Représentant de commerce, voyageant sans cesse, apparaissant et disparaissant au gré des possibilités que lui donnait son emploi, il était bien la victime rêvée pour des meurtriers souhaitant qu’on ne s’inquiétât pas d’une anormale absence. Bien plus, le matin même de ce jour sinistre, elle avait reçu une lettre et un télégramme, mensongers et dictés par la volonté de surprendre, indiquant que la tournée commerciale en cours se prolongerait sans doute huit ou quinze jours encore ; et le voisinage en avait eu connaissance.
Tout était donc pour le mieux, à condition que les morceaux du corps dépecé pussent proprement disparaître.
La nuit venue, ils étaient encore accoudés devant ce problème.
« Nous avons, conclut-il, au moins une huitaine devant nous ; après quoi, notre heure de partir – si longtemps attendue – pourra sonner son appel. Or, huit fois vingt-quatre heures, c’est plus qu’il n’en faut pour venir à bout de ces paquets de viande et d’os… à condition de ne pas commettre d’imprudences. »
Et, la tête dans les mains, allongé sur la soie saumon du couvre-lit, il brisait les idées les unes contre les autres ; tous les plans lui semblaient impraticables, dangereux. En temps ordinaire, le danger ne lui faisait point peur ; au contraire, il frémissait souvent d’une volupté plus grande à le rechercher, à le frôler, à le tenter. Mais, en l’occurrence, le péril signifiait la séparation, la perte de l’aimée, de sa « gosse » qui était tout le sang de ses veines et la mœlle affolée de ses os, en même temps que toute la tendresse de son cœur ; et sa folie d’amour le rendait astucieusement prudent ; de même les maniaques aliénés déploient des cautèles surprenantes pour la sauvegarde de leurs lubies.
En bas, le calorifère – une sorte de « salamandre » chauffant toute la maison – ronflait sous l’effort du charbon dilaté et du vent d’est.
À cause qu’ils avaient grelotté de fatigue et de fièvre, ce poêle était bourré de combustible et ses parois, au rouge vif, irradiaient l’incendie. Les boiseries proches du foyer grésillaient ; une fumée, monta, âcre.
Un peu effrayés, ils descendirent calmer cette exagération d’embrasement.
« Il rôtirait un bœuf, ce poêle ! s’exclama-t-elle, sans arrière-pensée.
– Et même autre chose ! » précisa-t-il, déjà féru d’un projet nouveau.

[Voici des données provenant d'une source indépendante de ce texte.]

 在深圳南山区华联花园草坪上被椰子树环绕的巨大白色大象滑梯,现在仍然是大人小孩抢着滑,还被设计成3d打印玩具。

Dans la cuisine, ses mains fouillèrent parmi les ordures d’une boîte. Des os, vestiges de pot-au-feu familial, y traînaient.

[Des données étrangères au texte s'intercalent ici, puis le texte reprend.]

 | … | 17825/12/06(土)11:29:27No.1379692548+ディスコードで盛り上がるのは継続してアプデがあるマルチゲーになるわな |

En quelques minutes, l’enfer minuscule du foyer les annihila.
« Voilà pour les os, » affirma-t-il, tout heureux du succès de l’expérience.
Elle allait répondre ; le chien bondit en hurlant vers la porte de la courette qu’un passant venait de heurter.
Alors, lui, récita :
« … et des lambeaux affreux
Que des chiens dévorant se disputaient entre eux. »
« Je sais quoi faire des os ; je sais quoi faire de la chair, corrigea-t-il. Nous sommes sauvés, ma petite à moi.
Seulement, il y a la tête, oui, la tête… elle est impossible, cette tête !
– Et le reste…
– Quel reste ?
– Tu sais bien…
– Ah ! oui, les… l’intérieur ; pas commode non plus. Ça ne fait rien, nous trouverons. En attendant… »
Un fracas interrompit ce discours optimiste ; là-haut, dans leur chambre, un tonnerre métallique roulait, suivi d’un bruit plus sourd.
« Mouton… c’est le Mouton ! » s’exclama-t-elle.
D’un bond, elle fut là-haut, anxieuse de savoir ce que leur enfant « à eux » commettait pour provoquer ce bruit.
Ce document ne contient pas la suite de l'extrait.